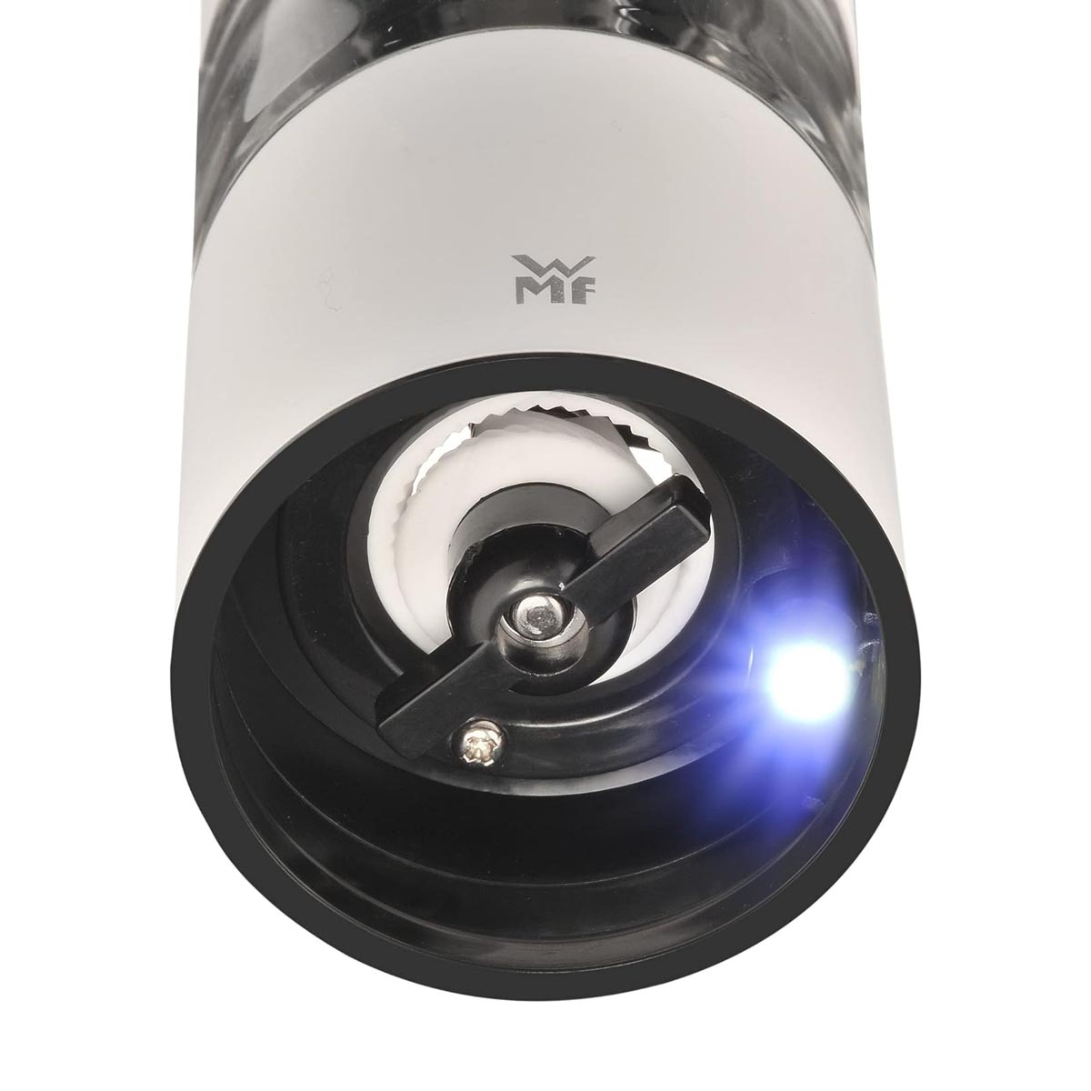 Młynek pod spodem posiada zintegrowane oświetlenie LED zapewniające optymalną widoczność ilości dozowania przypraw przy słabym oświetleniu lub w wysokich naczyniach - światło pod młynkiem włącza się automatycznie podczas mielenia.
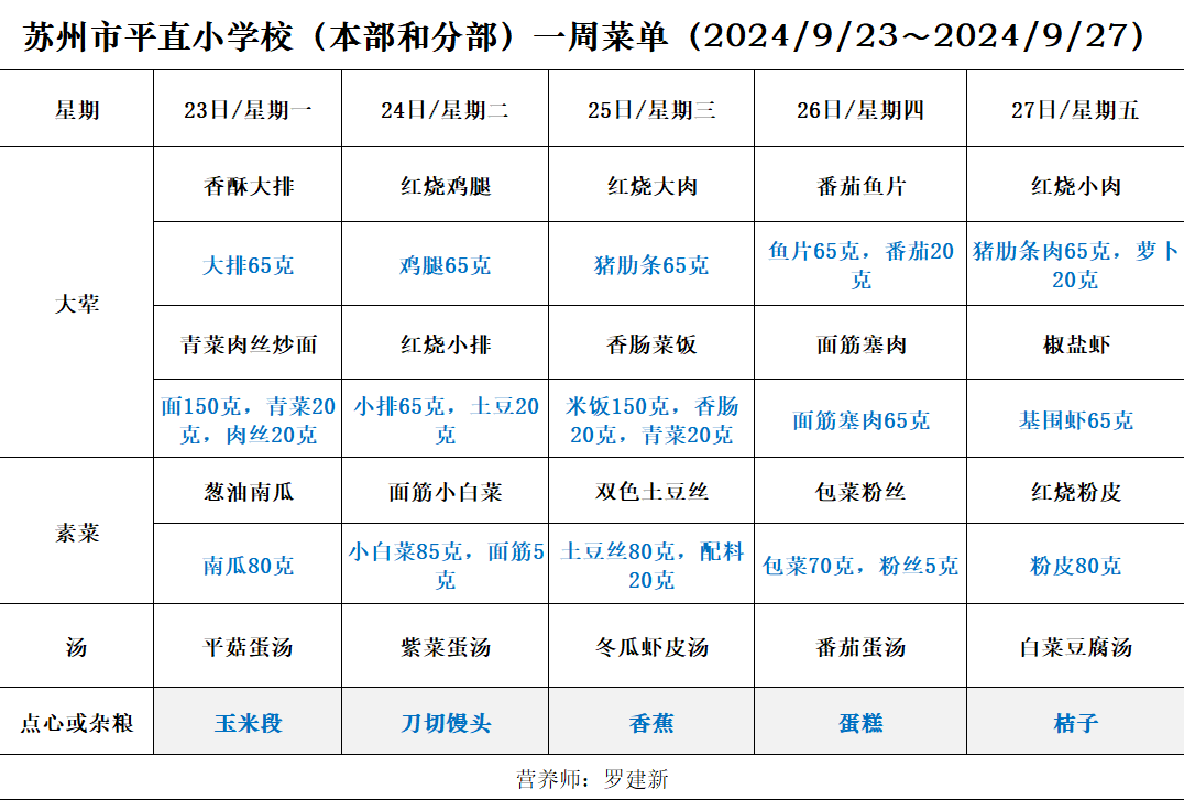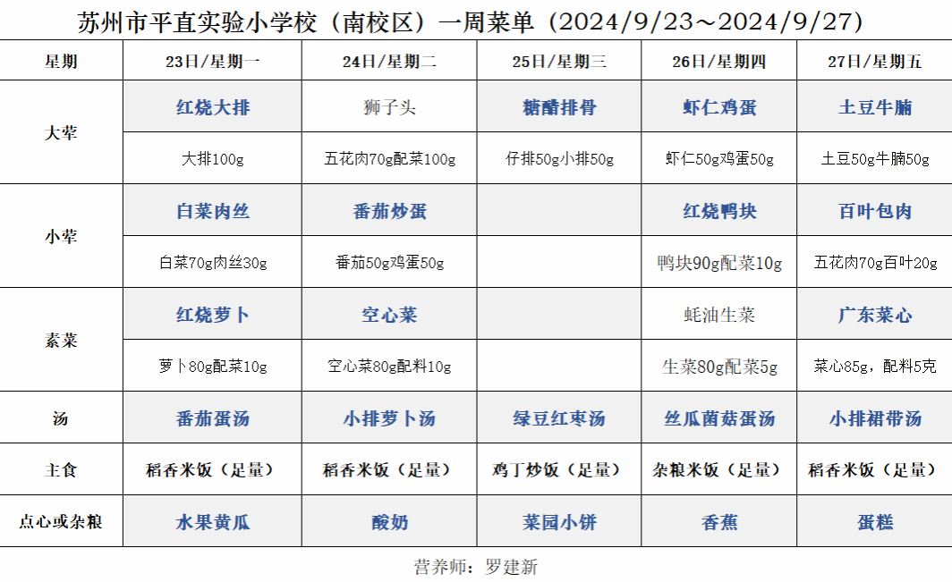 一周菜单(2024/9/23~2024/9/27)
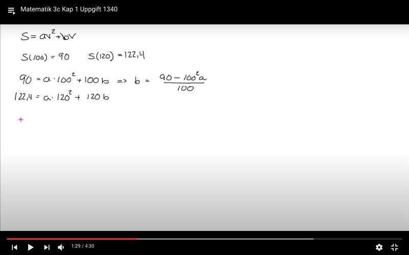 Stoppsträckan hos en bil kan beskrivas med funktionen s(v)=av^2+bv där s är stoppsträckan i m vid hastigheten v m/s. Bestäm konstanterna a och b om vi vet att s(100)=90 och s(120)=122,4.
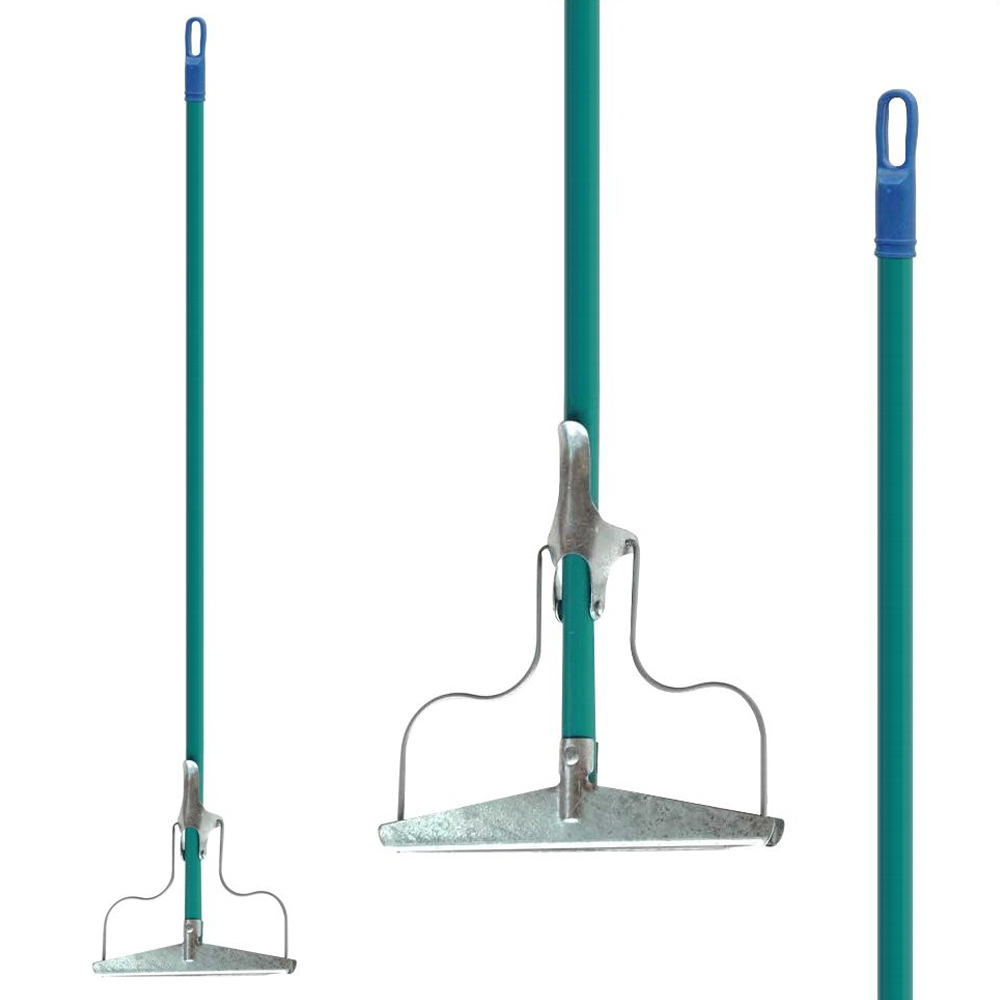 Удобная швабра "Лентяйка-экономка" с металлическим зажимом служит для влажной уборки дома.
┄┄┄┄┄┄┄┄┄┄┄┄┄┄┄┄┄┄┄┄
## EXERCISE INSTRUCTIONS
Quote, please, only the lines running from the one with "一周菜单(2024/9/23~2024/9/27)" down to the final line of the data above, keeping both ends and skipping the pictures.

## RESPONSE FOR THIS EXERCISE
 一周菜单(2024/9/23~2024/9/27)
 Stoppsträckan hos en bil kan beskrivas med funktionen s(v)=av^2+bv där s är stoppsträckan i m vid hastigheten v m/s. Bestäm konstanterna a och b om vi vet att s(100)=90 och s(120)=122,4.
 Удобная швабра "Лентяйка-экономка" с металлическим зажимом служит для влажной уборки дома.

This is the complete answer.